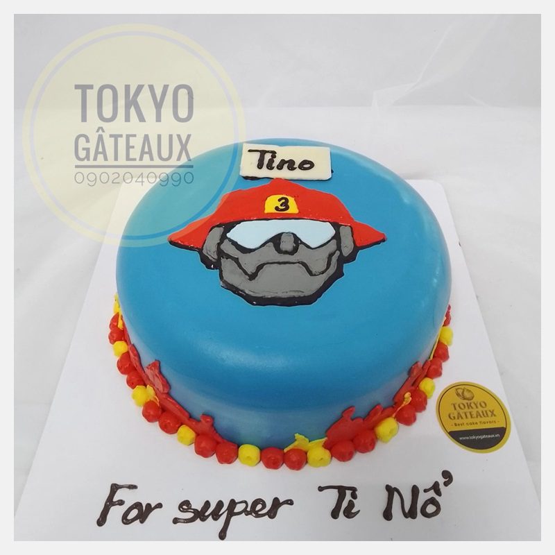 _ Bánh cốt vani, kem tươi, vẽ hình robot cứu hỏa
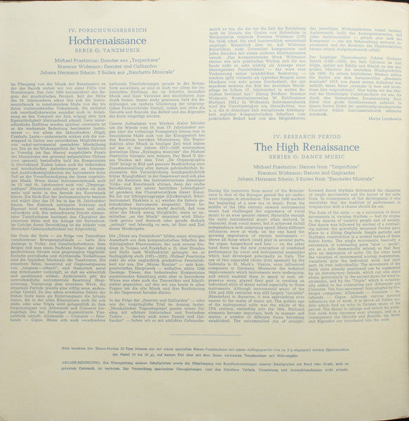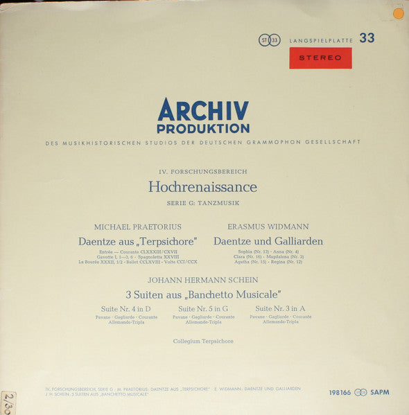 Michael Praetorius, Erasmus Widmann, Johann Hermann Schein, Collegium Terpsichore - Daentze Aus "Terpsichore" ‧ Daentze Und Galliarden ‧ 3 Suiten Aus "Banchetto Musicale" - LP, RE - Near Mint (NM or M-)
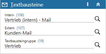 In der Kopfzeile des Bereichs wird die Bezeichnung "Textbausteine" angezeigt.
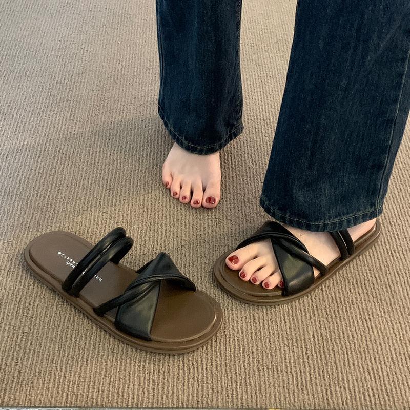 Модные плоские резиновые сандалии в римском стиле с открытым носком для женщин 2025 трендовые летние предложения роскошное высокое качество оригинальная винтажная женская обувь
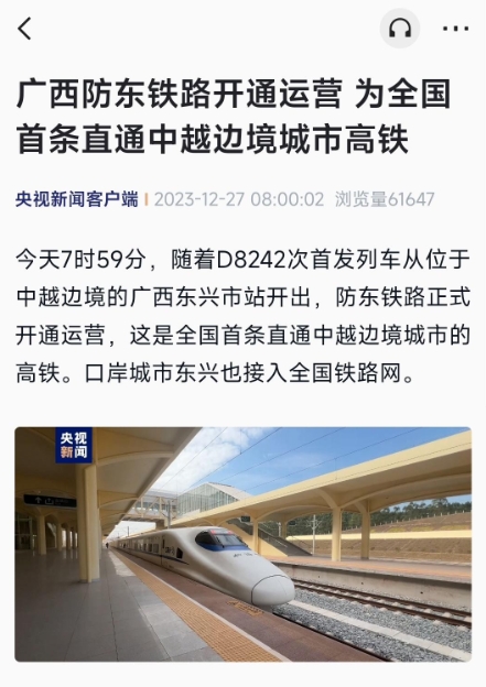 全國(guó)首條直通中越邊境城市高鐵,廣西防東鐵路今日起開(kāi)通運(yùn)營(yíng) 09:39:40
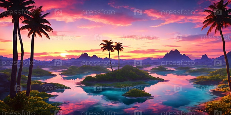 Закат рисует небо в оттенках розового и синего над спокойным морем, пальмами, выстилающими берег на райской фантазийной планете
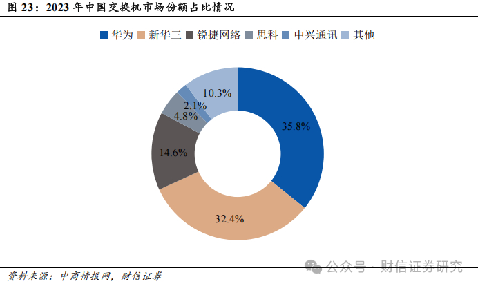 国内交换机行业集中度较高,呈现寡头竞争的竞争格局。华为、新华三和锐捷网络占据大部分的市场份额,根据中商情报网数据,2023年市占率分别为35.8%、32.4%和14.6%;思科和中兴通讯市占率分别为4.8%和2.1%。
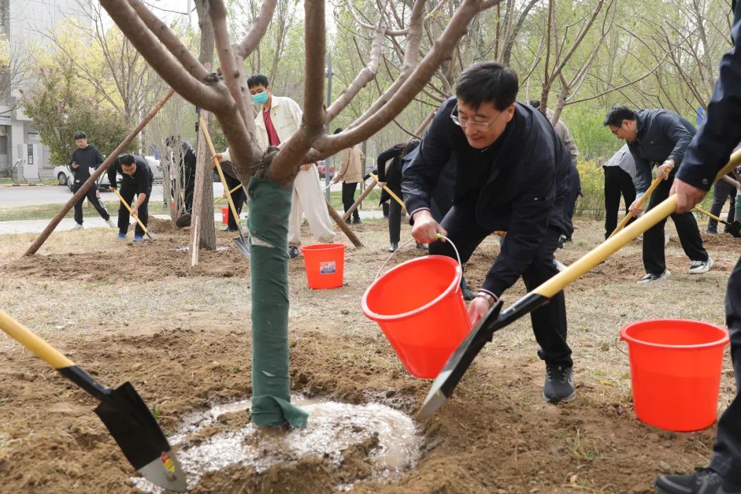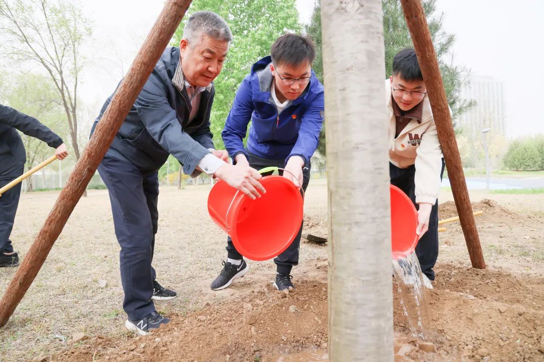 一锹土、一桶水,大家合力栽下30株优质树苗,包括银红槭、国槐、白皮松、绚丽海棠、山桃等树种,劳动场面繁忙有序。
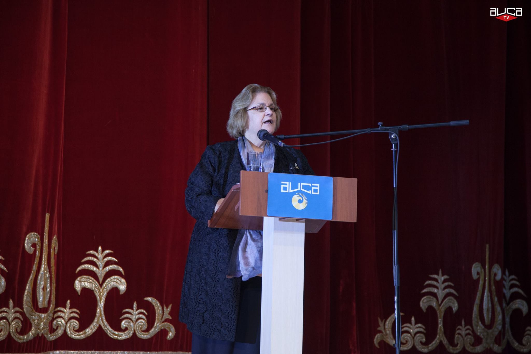 «США и Кыргызстан отмечают 25-летие дипломатических отношений и АУЦА, как монумент богатой истории между нашими странами. Здесь, в АУЦА лучшие умы в Центральной Азии образуют сообщество. В этом университете вы учитесь задавать правильные вопросы, которые помогают вам изучить окружающий мир»,- обратилась к студентам Шейла Гуолтни, посол США в Кыргызстане.
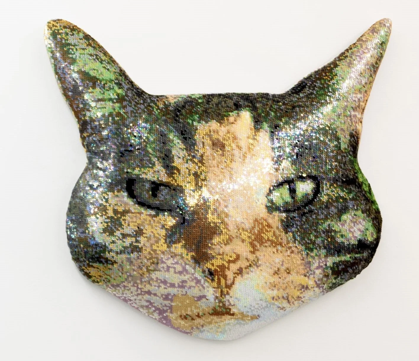 Hand stitched sequins on textile, foam, wood
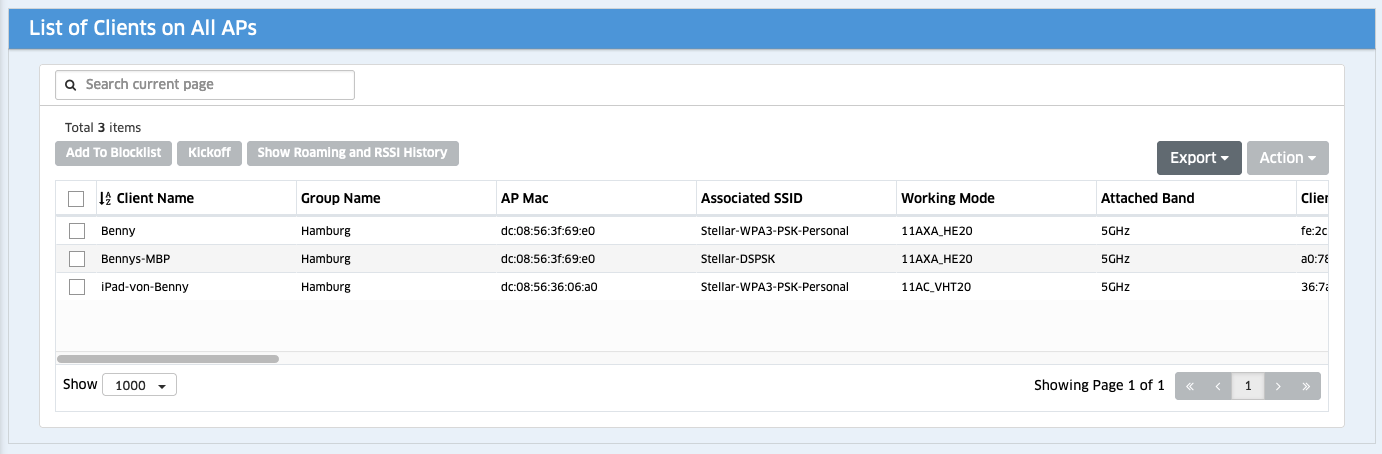 Es ist nun für die Administratoren möglich ein Wireless Client administrativ vom Netz zu trennen. Dafür wird der entsprechende Client aus der Liste ausgewählt und dann per „Kickoff“ der Stellar Wireless AP aufgefordert den Client zu trennen. Die Aktion wird vom AP direkt durchgeführt, es kann aber einen Moment dauern bis dies aus der Client-Liste ersichtlich ist (dies hängt mit dem Update-Interval zusammen). Oft wird sich der Client von sich aus wieder verbinden, die vorherige Trennung ist dann aus der „Associate Time“ ersichtlich.

————

Could you repeat the entries word for word, skipping the pictures they contain?

--- Your response ---
 _ Bánh cốt vani, kem tươi, vẽ hình robot cứu hỏa
 Michael Praetorius, Erasmus Widmann, Johann Hermann Schein, Collegium Terpsichore - Daentze Aus "Terpsichore" ‧ Daentze Und Galliarden ‧ 3 Suiten Aus "Banchetto Musicale" - LP, RE - Near Mint (NM or M-)
 In der Kopfzeile des Bereichs wird die Bezeichnung "Textbausteine" angezeigt.
 Модные плоские резиновые сандалии в римском стиле с открытым носком для женщин 2025 трендовые летние предложения роскошное высокое качество оригинальная винтажная женская обувь
 全國(guó)首條直通中越邊境城市高鐵,廣西防東鐵路今日起開(kāi)通運(yùn)營(yíng) 09:39:40
 Закат рисует небо в оттенках розового и синего над спокойным морем, пальмами, выстилающими берег на райской фантазийной планете
 国内交换机行业集中度较高,呈现寡头竞争的竞争格局。华为、新华三和锐捷网络占据大部分的市场份额,根据中商情报网数据,2023年市占率分别为35.8%、32.4%和14.6%;思科和中兴通讯市占率分别为4.8%和2.1%。
 一锹土、一桶水,大家合力栽下30株优质树苗,包括银红槭、国槐、白皮松、绚丽海棠、山桃等树种,劳动场面繁忙有序。
 «США и Кыргызстан отмечают 25-летие дипломатических отношений и АУЦА, как монумент богатой истории между нашими странами. Здесь, в АУЦА лучшие умы в Центральной Азии образуют сообщество. В этом университете вы учитесь задавать правильные вопросы, которые помогают вам изучить окружающий мир»,- обратилась к студентам Шейла Гуолтни, посол США в Кыргызстане.
 Hand stitched sequins on textile, foam, wood
 Es ist nun für die Administratoren möglich ein Wireless Client administrativ vom Netz zu trennen. Dafür wird der entsprechende Client aus der Liste ausgewählt und dann per „Kickoff“ der Stellar Wireless AP aufgefordert den Client zu trennen. Die Aktion wird vom AP direkt durchgeführt, es kann aber einen Moment dauern bis dies aus der Client-Liste ersichtlich ist (dies hängt mit dem Update-Interval zusammen). Oft wird sich der Client von sich aus wieder verbinden, die vorherige Trennung ist dann aus der „Associate Time“ ersichtlich.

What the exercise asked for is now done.